I meant to blog while I was there, but it never quite happened. For one thing, for the full first week I was in Rwanda I had no internet– even at internet cafes, the wireless was touch and go. I since found a free wireless signal near where we were staying, but only if I sat in a certain spot, and even then, it wasn’t the most reliable thing.

But, even if internet weren’t an issue, writing created its own set of challenges. It’s not the writing itself– I wrote prolifically as soon as I arrived– 50 typed pages (single spaced) and an additional 2 notebooks full of notes, musings, experiences, and a 3rd notebook started. Writing was definitely not the issue.

But, I really wanted to take time to process those experiences before sharing them. I learned intimate details of suffering and survival, of hope and loss, and I wanted to make sure that I maintain the trust and confidence of those who have shared their experiences with me, and to share those experiences (when appropriate) in a responsible way. So, I didn’t blog while I was there.

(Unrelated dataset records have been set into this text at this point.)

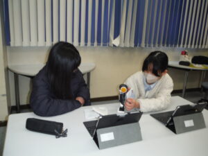 総合では、ロボホンを使い、顔認証のプログラミングに挑戦しました。顔が認証されると嬉しそうな声があがりました。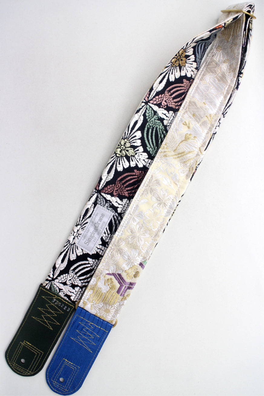 Every Singing Crane strap is one-of-a-kind, one of three variations from the same Obi on the front, and this strap has a black colour reverse, with hand picked matching leathers and stitching.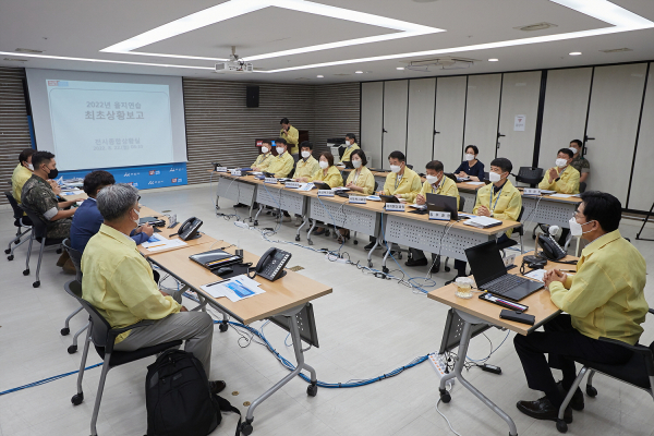 비상소집에 이어 오전 8시 30분에는 시청 20개 부서장과 3585부대 2대대장 등이 참석한 가운데 박경귀 아산시장 주재로 2022 을지연습 최초상황보고회가 개최됐다.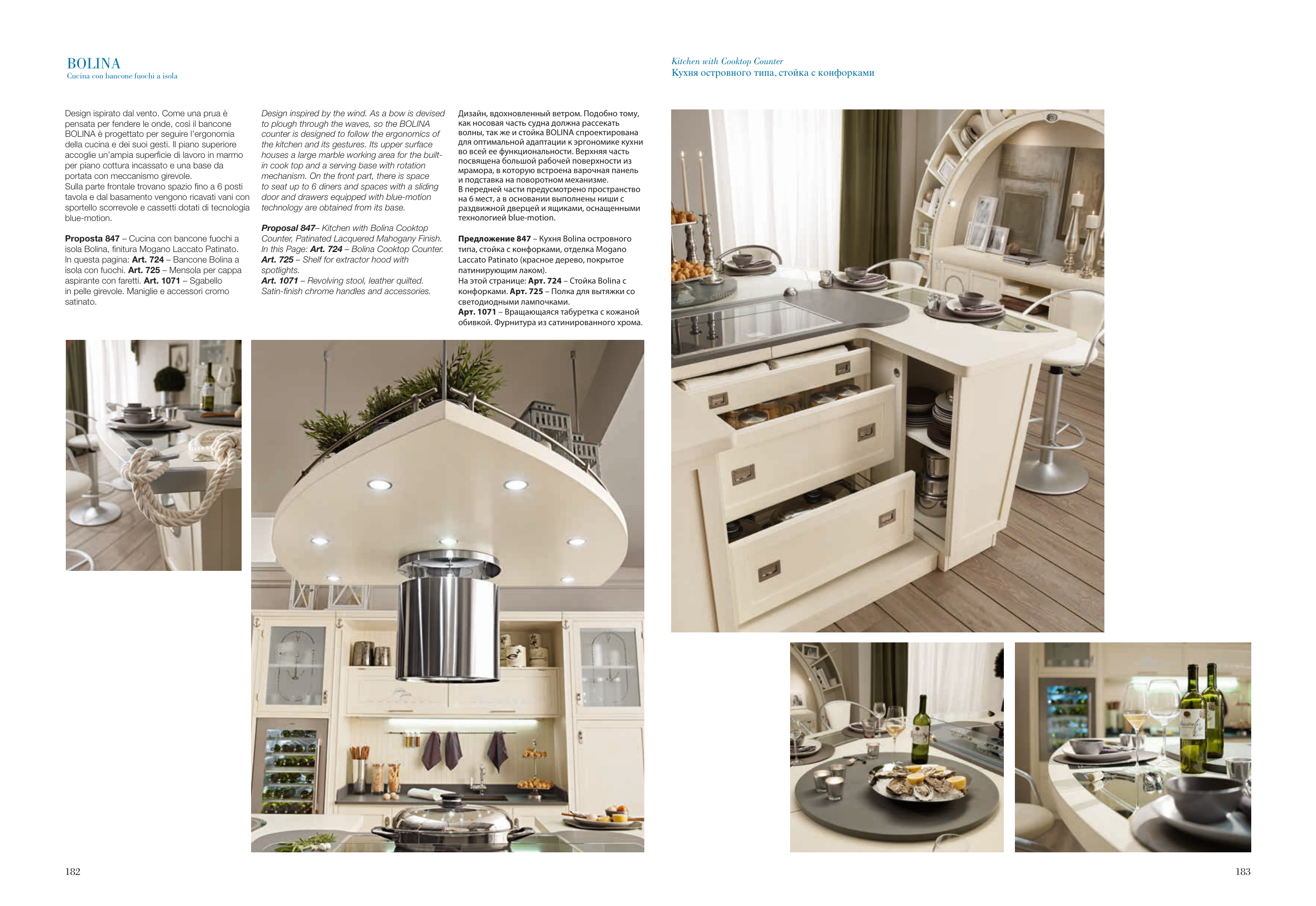 isola Bolina, finitura Mogano Laccato Patinato.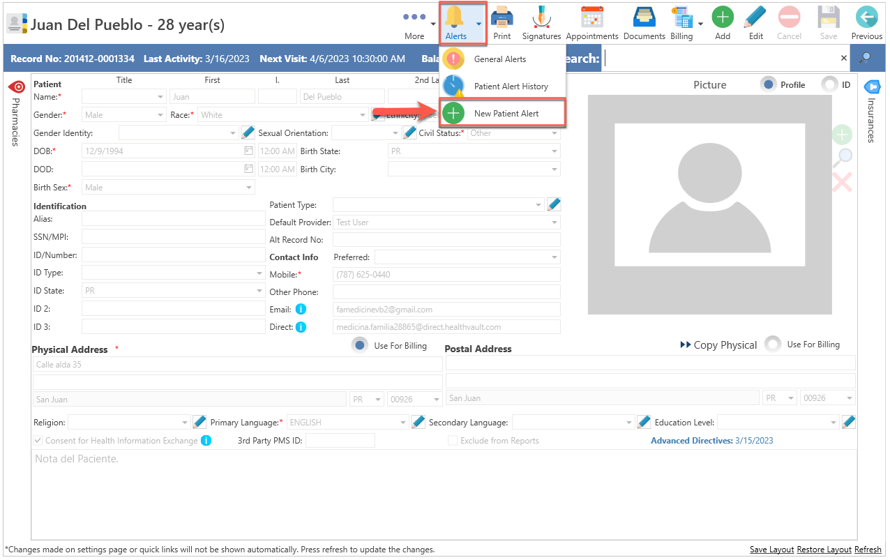 - Perform the search and select the patient for whom you want to create the administrative or clinical alert.

But this evening, back home in Connecticut, as the rain falls outside my window, I feel ready to write again.

If I had to sum up Rwanda in 2 words, they would be “beautiful” and “depressing.” Being here has been surreal– it’s been both incredibly moving and uplifting, but then the next moment totally gut-wrenching, which I suppose is no surprise. I am so grateful that I brought my yoga mat, because it’s not only provided me with an avenue to attempt to regain balance in my life here, but it’s also provided cushioning while sitting on concrete floors conducting interviews. I seriously may kiss my ergonomic desk chair once I get back to the office. (July 10, 2009)

So, how did I end up in Rwanda for a month this summer?

Basically, to make a long story short, I applied and was accepted to participate in a human rights delegation through the organization, Global Youth Connect, which offers young people from a range of ethnic, national, economic and religious backgrounds the opportunity to meet with human rights activists and officials and take action on pressing human rights issues in post-conflict societies, including Rwanda and Bosnia. The program participants also engage in service projects with local organizations that are working to improve social conditions in those countries.

I had been to sub-Saharan Africa several times before, and had traveled and volunteered in South Africa, Ghana, and Namibia, but was unsure of what to expect from Rwanda. Fifteen years ago, between 800,000 and 1 million people were killed in a genocide that attempted to destroy the Tutsi minority and targeted moderate Hutus in Rwanda. Since then, the new government has made progress in restoring stability and security to a ravaged society, but there are many problems still to be addressed. I was going to Rwanda to learn about these problems, and through the human rights workshop and volunteer projects, do what little I could as an individual to try to help make a difference.

Spending a month volunteering anywhere can have only a minimal impact, if any, and I don’t claim to have any in-depth understanding of Rwandese life from just a few weeks as a visitor there, but I’ve gotten some glimpses and a few stories that I’d like to share. I’ll be updating this blog with my journal entries from June and July 2009 over the next few weeks. Some stories will be amusing, some will be surprising, some will be beautiful, and some will be heartbreaking. This is my experience in Rwanda.